◆ TASK GOAL
Each line below must be transcribed exactly, and no picture may appear in the transcription.
• • • •
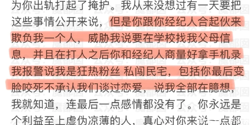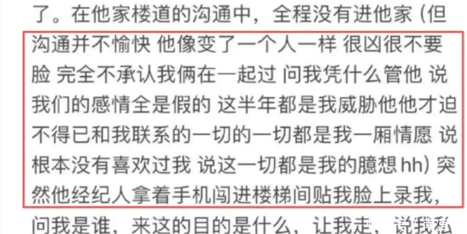 不仅如此,打人之后李禹熹熹被荣梓杉和经纪人威胁,并表示要去她学校查找她父母的资料,还将他们的关系说成是“狂热粉丝私闯民宅”。
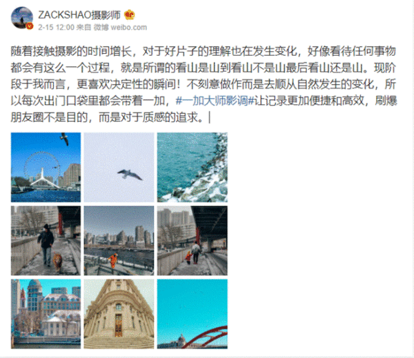 不仅如此,这次一加还邀请了三位哈苏大师为一加 10 Pro精心调试了大师人像、大师童话、大师风光三款不同风格的滤镜,助力用户在日常生活中轻松拍出大师风格的样张。这方面,同样也收获了多位摄影爱好者的高度认可。像是@ZACKSHAO摄影师 便表示称,“一加大师影调”让记录更加便捷和高效,刷爆朋友圈不是目的,而是对于质感的追求。
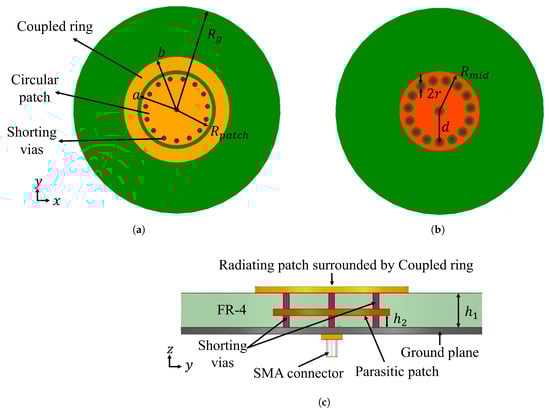 - Al-Zoubi, A.S.; Yang, F.; Kishk, A.A. A broadband center-fed circular patch–ring antenna with a monopole-like radiation pattern. IEEE Trans. Antennas Propag. 2009, 57, 789–792. [Google Scholar] [CrossRef]
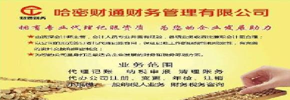 哈密财通财务管理有限公司是经哈密市工商行政管理局登记注册,经过哈密地区财政部门审批的正规专业会计服务机构,拥有一支涉税经验丰富,业务素质及专业技能颇高的会计队伍,具有多年从事企业会计工作经验,为客户提供专业、诚信、高效的服务,是一家专门服务于中小型企业的专业代理记账公司。
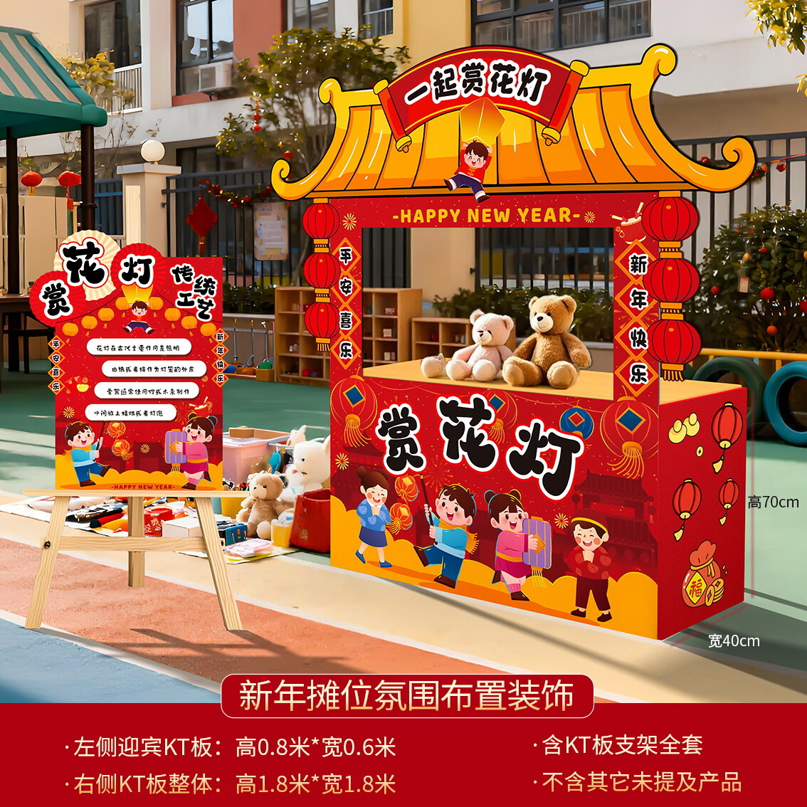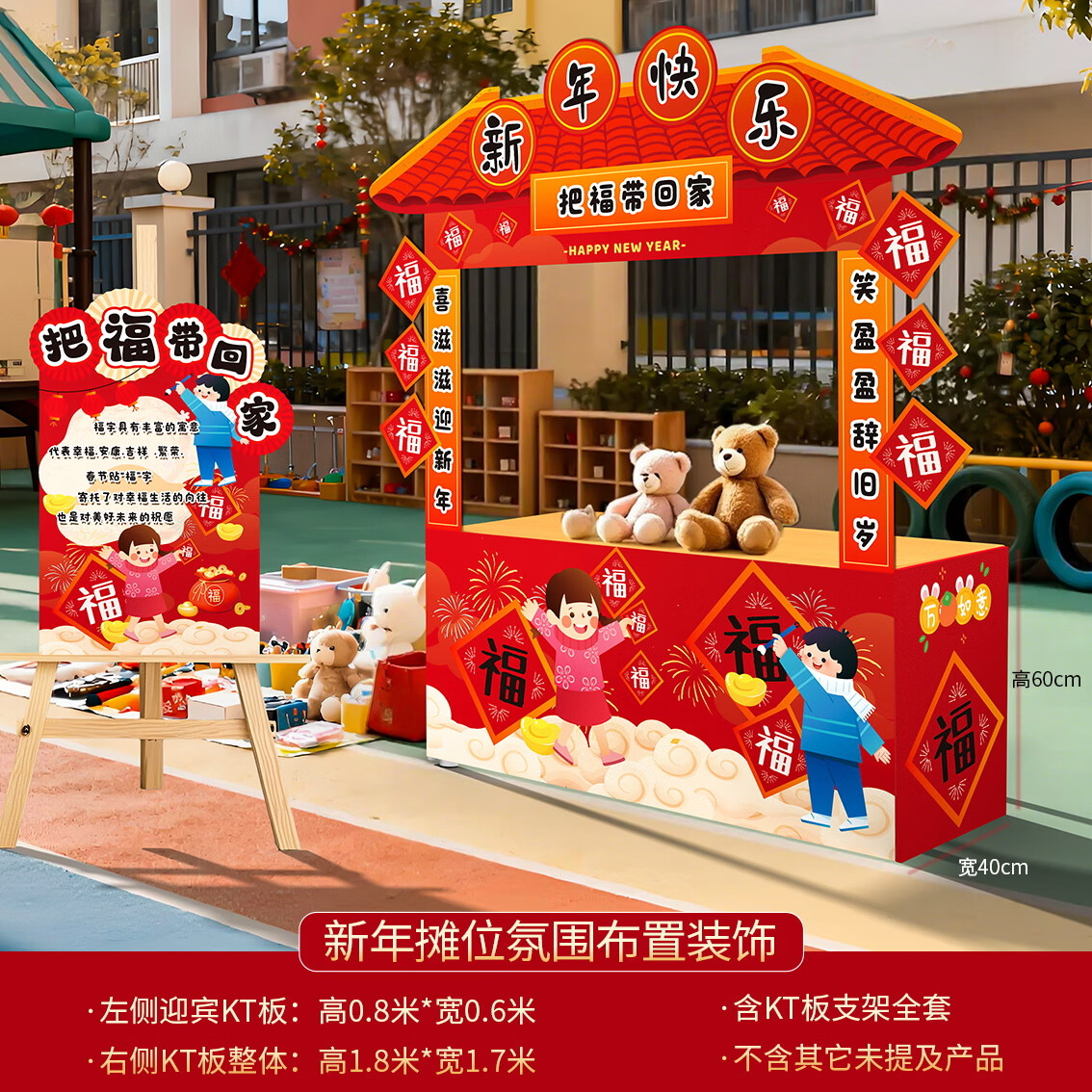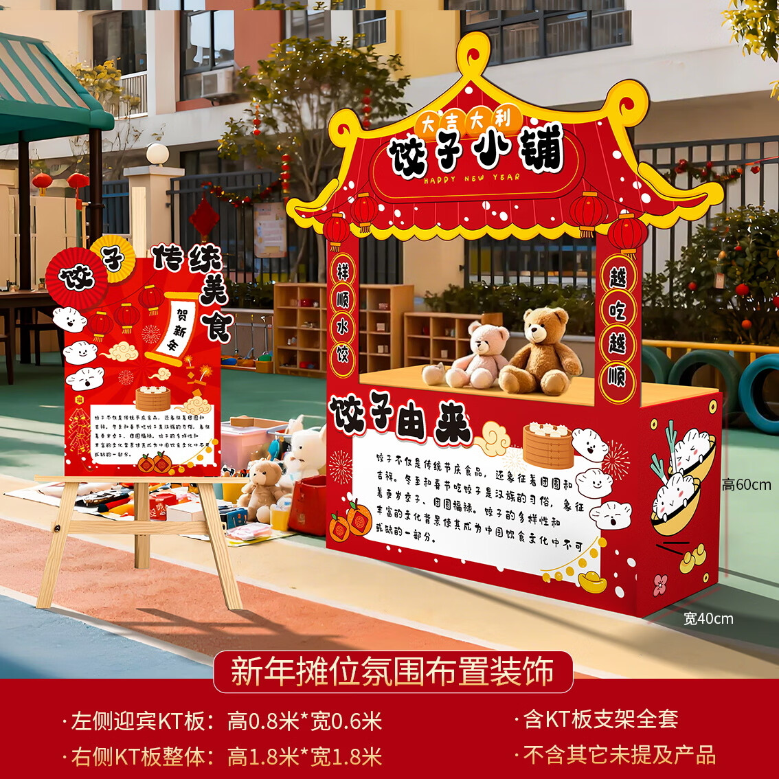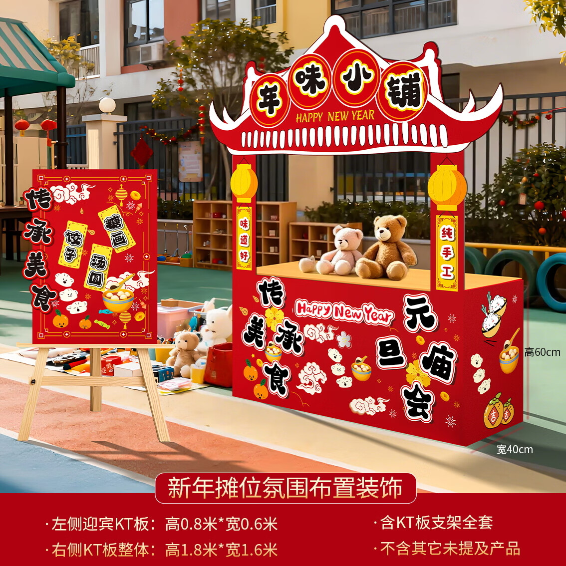 玺飞新年义卖摊位装饰庙会摊位KT板幼儿园新年环创布置新年环创背景 当日发/20款新年摊位含全套支架
• • • •
◆ REPLY
 不仅如此,打人之后李禹熹熹被荣梓杉和经纪人威胁,并表示要去她学校查找她父母的资料,还将他们的关系说成是“狂热粉丝私闯民宅”。
 不仅如此,这次一加还邀请了三位哈苏大师为一加 10 Pro精心调试了大师人像、大师童话、大师风光三款不同风格的滤镜,助力用户在日常生活中轻松拍出大师风格的样张。这方面,同样也收获了多位摄影爱好者的高度认可。像是@ZACKSHAO摄影师 便表示称,“一加大师影调”让记录更加便捷和高效,刷爆朋友圈不是目的,而是对于质感的追求。
 - Al-Zoubi, A.S.; Yang, F.; Kishk, A.A. A broadband center-fed circular patch–ring antenna with a monopole-like radiation pattern. IEEE Trans. Antennas Propag. 2009, 57, 789–792. [Google Scholar] [CrossRef]
 哈密财通财务管理有限公司是经哈密市工商行政管理局登记注册,经过哈密地区财政部门审批的正规专业会计服务机构,拥有一支涉税经验丰富,业务素质及专业技能颇高的会计队伍,具有多年从事企业会计工作经验,为客户提供专业、诚信、高效的服务,是一家专门服务于中小型企业的专业代理记账公司。
 玺飞新年义卖摊位装饰庙会摊位KT板幼儿园新年环创布置新年环创背景 当日发/20款新年摊位含全套支架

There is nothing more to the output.